Mistakes had degrees, and those assigned values could be charted like any of the sales data her father dealt with and forced upon her for practice. She could make fancy pie charts and scatterplots out of them, calculate the outliers and what decisions skewed her data, and would occasionally omit whatever might make the resulting graph look unpleasant if she felt it were necessary.

She had a long list of mistakes of varying degrees, from accepting a stupid tree-climbing dare as a seven-year-old (and earning a broken arm when she inevitably fell), to telling the wrong person about a mistake in a presentation (and losing her father that company's contract). The ones she assigned a higher value to were much less likely to occur a second or third time, and lower value ones often warranted repeating just to confirm their overall weight, though they usually remained within a particular range.

Every once in a while, though, some action she took caused her to throw out her entire categorical system and start from scratch.

Jumping into a magical well, for instance.

Roughly fifteen minutes ago according to her watch when she had last caught a glimpse of it, Mizuki had scrambled out of a well by climbing (and slipping) on vines along its walls, until she found herself staring at trees instead of the inside of a well house.
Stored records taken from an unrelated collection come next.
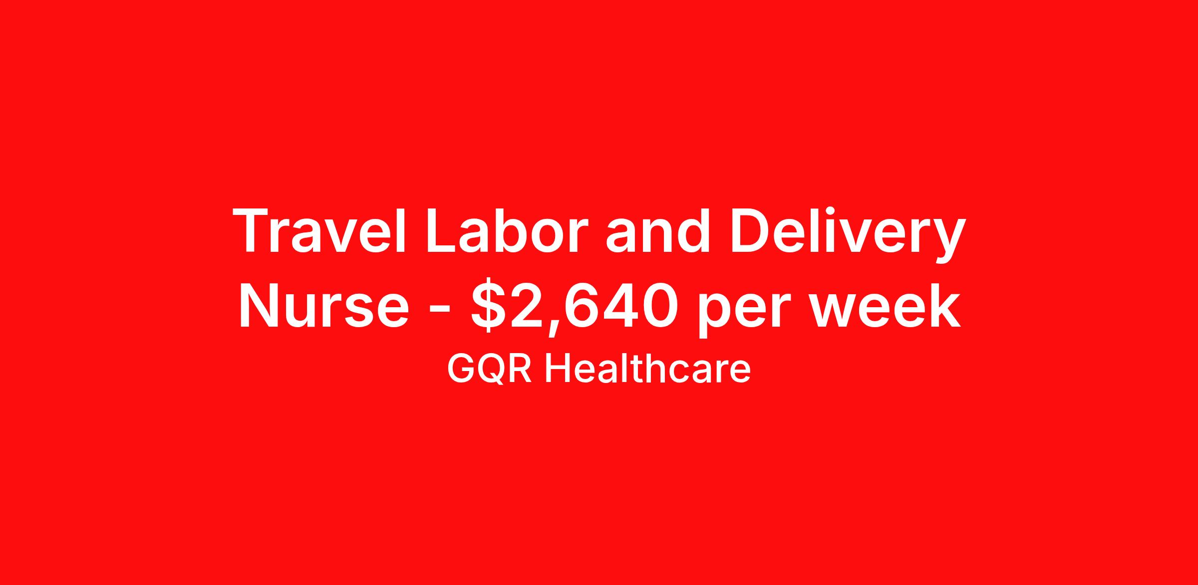 GQR Healthcare is seeking a travel nurse RN Labor and Delivery for a travel nursing job in Alliance, Nebraska. Job Description & Requirements Specialty: Labor and Delivery Discipline: RN Start Date: ASAP Duration: 13 weeks 36 hours per week Shift: 12 hours, nights Employment Type: Travel Contract - W2 Labor and Delivery Registered Nurse (RN) Job Location: Alliance, Nebraska Start Date: March 3, 2026 Profession: Registered Nurse (RN) Facility: Estimated Pay: $2639.56 - $2734.56 Duration:13 weeks Specialty:Labor and Delivery Shift: Night Shift Details: null Night Job Type: Travel *Estimated weekly pay includes projected hourly wages and weekly meal and lodging per diems for eligible clinicians based on nationally published GSA rates. Actual weekly pay and per diems may differ from the amount shown and are subject to change during an assignment. Benefits: Day 1 Insurance Cigna medical, MetLife dental and vision insurance License reimbursement for new licenses needed for each assignment Discounts with hotels and rental cars A dedicated recruiter and support team that will help you every step of the way to sure you start on time and have an exceptional experience Referral bonus up to $700 About the Company: Finding the right role is about more than just matching skills to a job—it’s about aligning with your goals, values, and the way you want to work. As an award-winning talent partner, we support healthcare professionals through every step of that process, offering meaningful opportunities, clear guidance, and long-term partnership. From our first conversation to your first day on the job (and beyond!), we’re here to help you move forward with confidence. GQR Job ID 774493. Pay package is based on 12 hour shifts and 36 hours per week (subject to confirmation) with tax-free stipend amount to be determined. Posted job title: Registered Nurse (RN) About GQR Healthcare GQR’s Healthcare team specializes in connecting experts within the industry to highly skilled healthcare professionals across the US market. In the competitive healthcare market, we recognize that the industry’s common goals of improved quality of care and patient outcomes are wholly reliant upon the professionals directly supporting these initiatives. Leveraging our extensive candidate network, we deliver continuity of care for the communities our partners serve to ensure the patient experience is of the highest quality. Through deep market specialization and a unique approach to talent acquisition, GQR Healthcare provides an unparalleled and personalized experience across all medical specialties in nursing and within diverse healthcare platforms across the industry.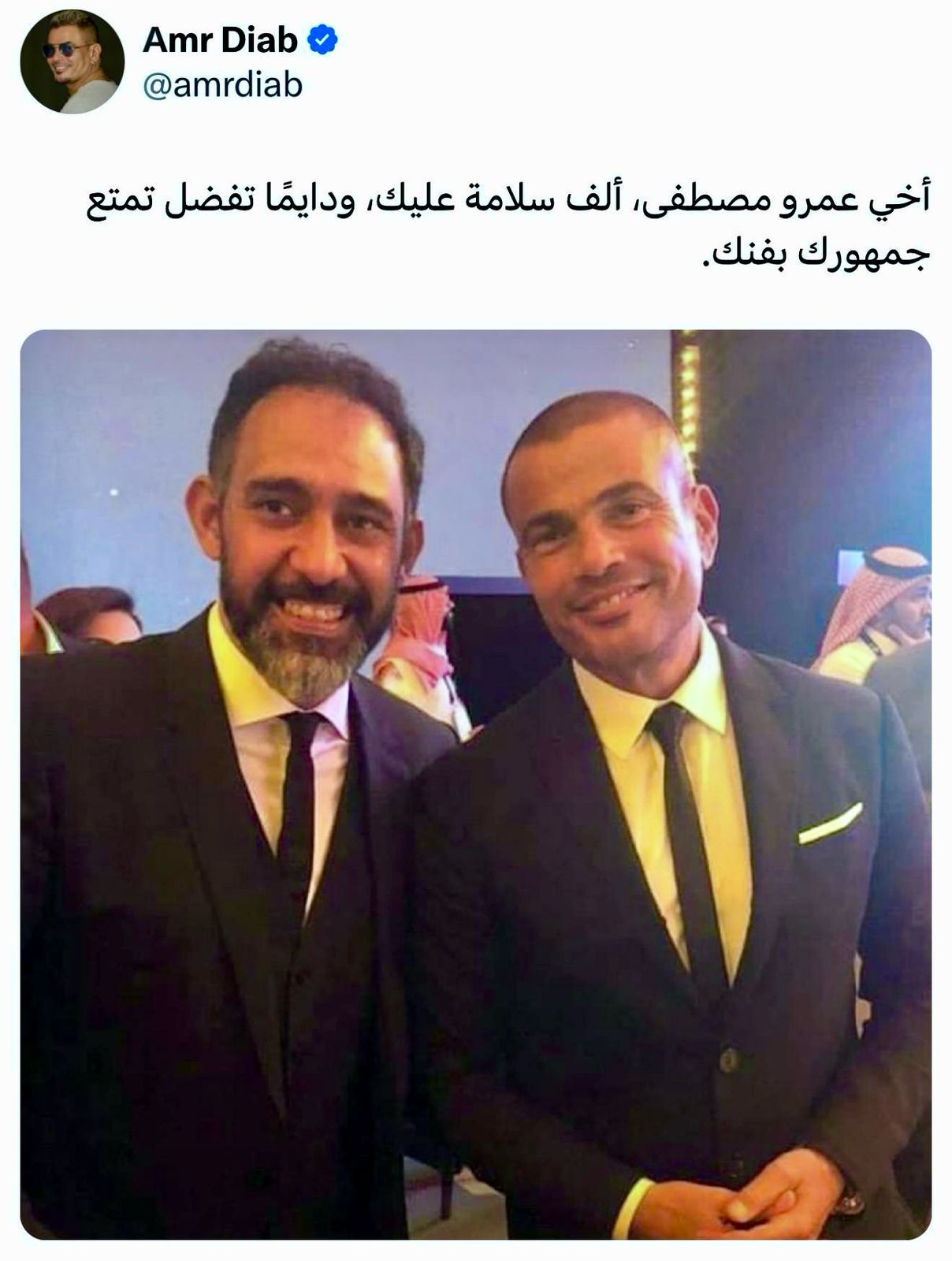 وكتب عمرو دياب عبر حساباته على مواقع التواصل الإجتماعي: "أخي عمرو مصطفى، ألف سلامة عليك، ودايمًا تفضل تمتع جمهورك بفنك".
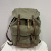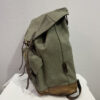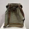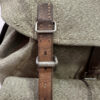 Originaler Schweizer Armeerucksack aus den 1950er Jahren im charakteristischen „Pfeffer und Salz“-Design. Das fein melierte Canvas-Gewebe in Grau-Grün war typisch für die Ausrüstung der Schweizer Armee nach dem Zweiten Weltkrieg. Zusammen mit den massiven Lederriemen, dem verstärkten Lederboden und den Metallschnallen zeigt dieser Rucksack die robuste Handwerksqualität jener Zeit.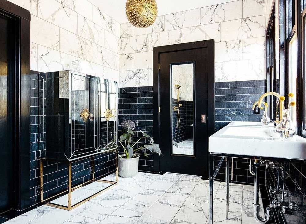 Арт-деко – это не классика, а утонченная современность, и данный пример доказывает подобное описание. Мрамор, золото, зеркальные детали и строгий черный цвет — основные черты дизайна, которые прекрасно сочетаются друг с другом.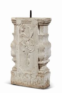 Veneto, secolo XVI BASAMENTO FIGURATO in pietra d'Istria, datato 1567, con stemma scolpito sul fronte e iscrizione [..]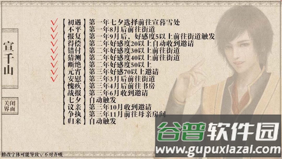 宣千山需七月七夕前往宣暮雪家,八月后街道不平事件,九月后好感5以上触发报复事件。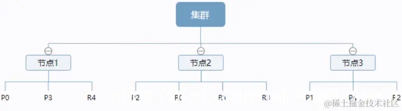 一个集群至少有一个节点,,而一个节点就是一个 elasticsearch进程,节点可以有多个索引默认的,如果你创建索引,那么索引将会有个5个分片( primary shard,又称主分片)构成的,每一个主分片会有一个副本( replica shard,又称复制分片)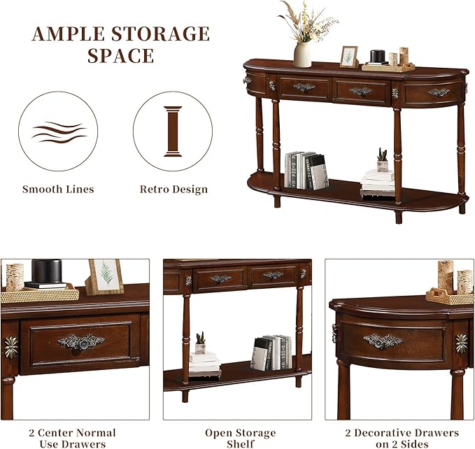 - Easy Assembly: This curved sofa table is very easy to install.Its table top and drawers are pre-assembled,when you receive your package,you just need to assemble 4 legs and 1 bottom shelf to use this console table.If you have any questions,please let us know,we are more than willing to help you.

The part of her that had held onto some kind of hope that she was at least wrong about her conclusions regarding a weird time-warping hole in the ground was blindsided by that moment. She vaguely remembered laughing, a pleased feeling from the white noise a backdrop to her very tense nerves.
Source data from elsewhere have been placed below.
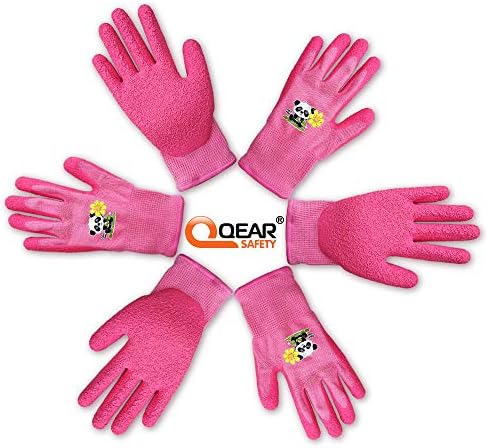 1 Pair Kids 3-6 Years Girl Pink Garden Work Gloves,Knitted Liner,and Latex Rubber Palm Coated for Water/Dirty Resistance (3-6 Years Pink XXXS)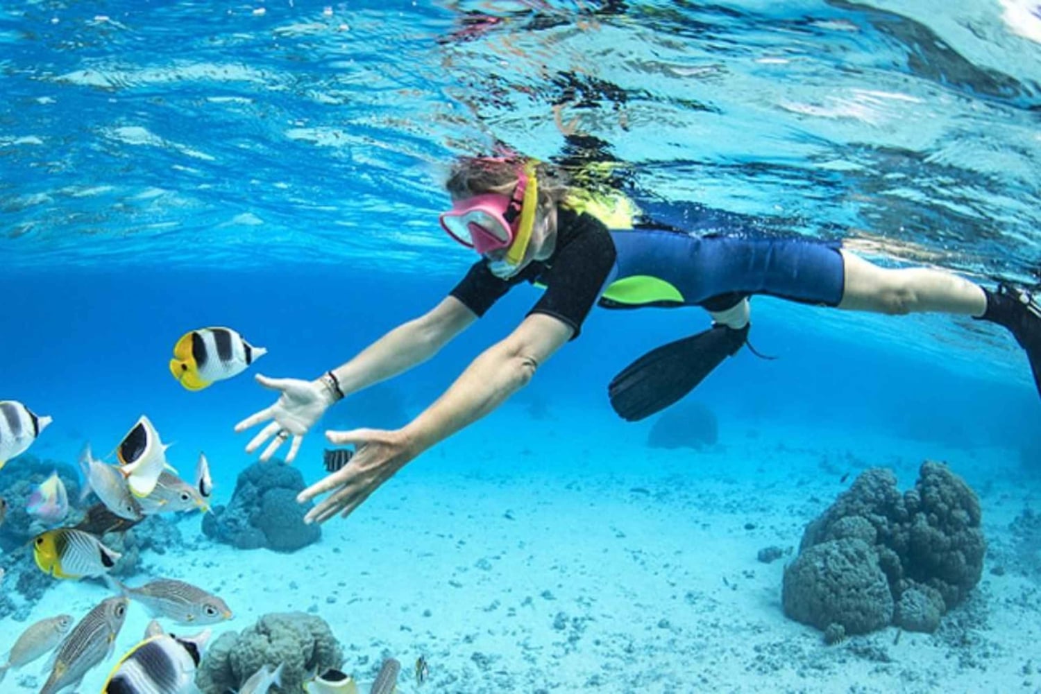 - Поплавайте с маской и трубкой в кристально чистой воде с предоставленным снаряжением.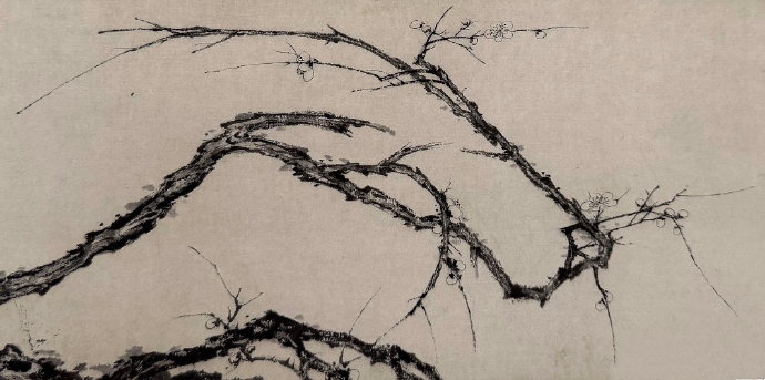 图绘水墨梅花。梅不畏严寒、高标独立的精神正是作者所追求的人生品格。弘仁一生最喜画梅,自号“梅花古衲”,创作出大量以梅为主题的佳作,此卷便是其中之一。图中的梅枝如曲铁,婉转中呈现刚毅不屈之态。其简约的格局,精谨的笔墨,结构出一派纯净、幽旷而又俊逸的意境。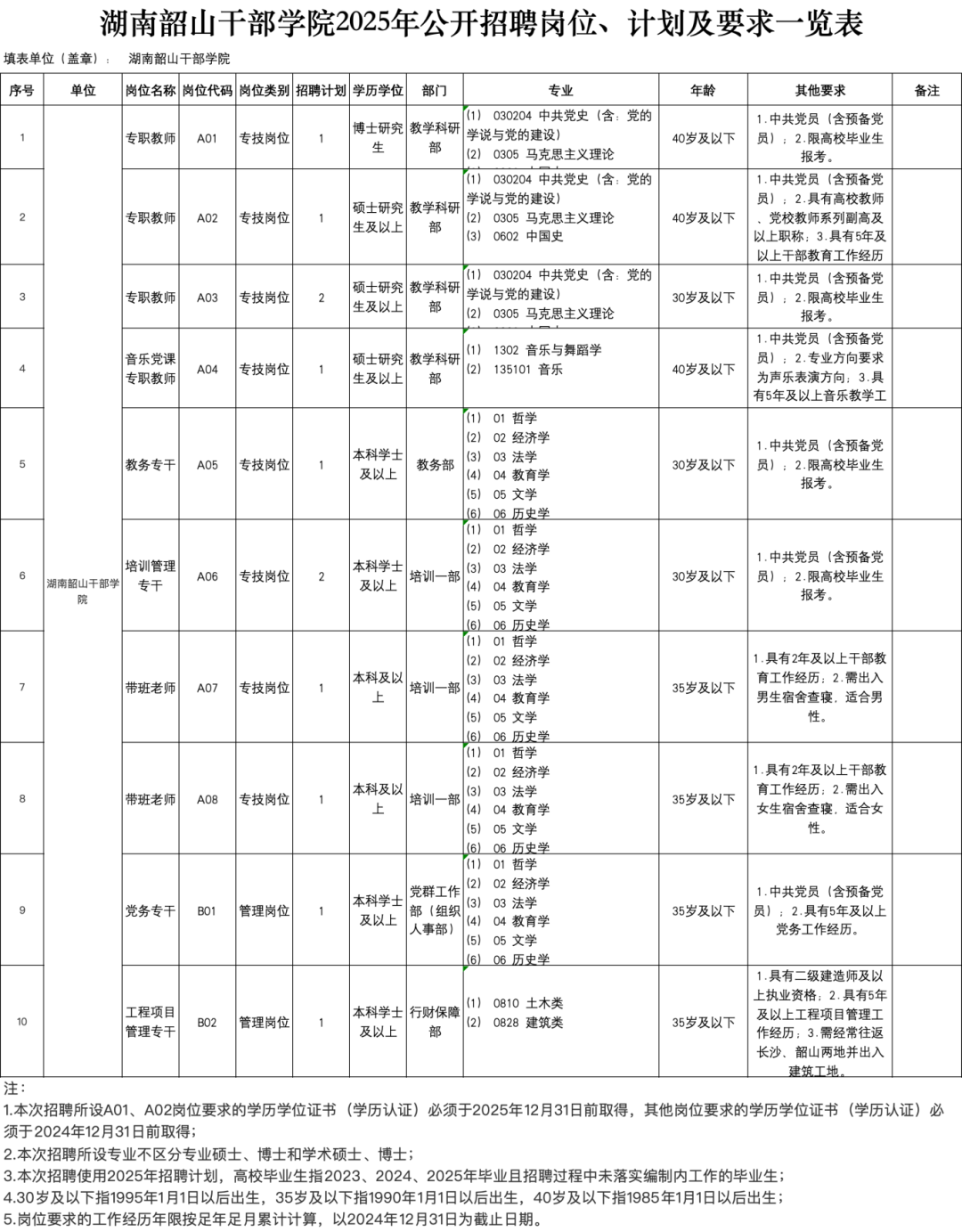 (1)A01、A02岗位:为高层次人才岗位,报名时间为2025年1月10日00:00至2025年12月31日24:00,随到随招,招满即止;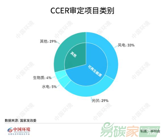 碳配額不同,CCER是減排項(xiàng)目產(chǎn)生的減排量,主要是風(fēng)光、太陽(yáng)能發(fā)電等可再生能源項(xiàng)目,以及林業(yè)
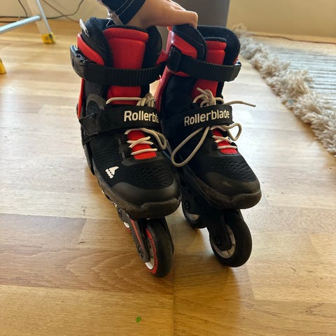 Rollerblade barn rulleskøyter i størrelse 33 - 36. Skøytene har svart og rød farge og er designet for rulleskøyting.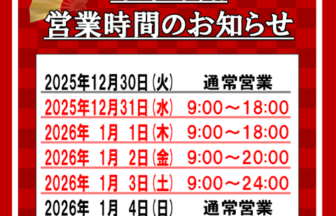 年末年始の営業時間のお知らせ~大分萩原店~

Feudal Japan stretched out into the darkness, and she couldn't help but wander a little, marveling at the forest around her as the stars shone brighter than she had ever known they could even despite the waxing moon. Comforted by the ease of being able to enter the well, she lost herself to the world. The sensation of walking through an old forest was impossible to put words to. It was quiet save for the bugs that sang through the night and the brighter hums of white noise echoing from places she couldn't pinpoint. Without the noisy traffic and constant flow of people, it almost felt eerie.

When some terrifying creature with gruesome features for a face and a long tail for a body snaked silently around a tree, that eerie feeling coalesced into absolute terror.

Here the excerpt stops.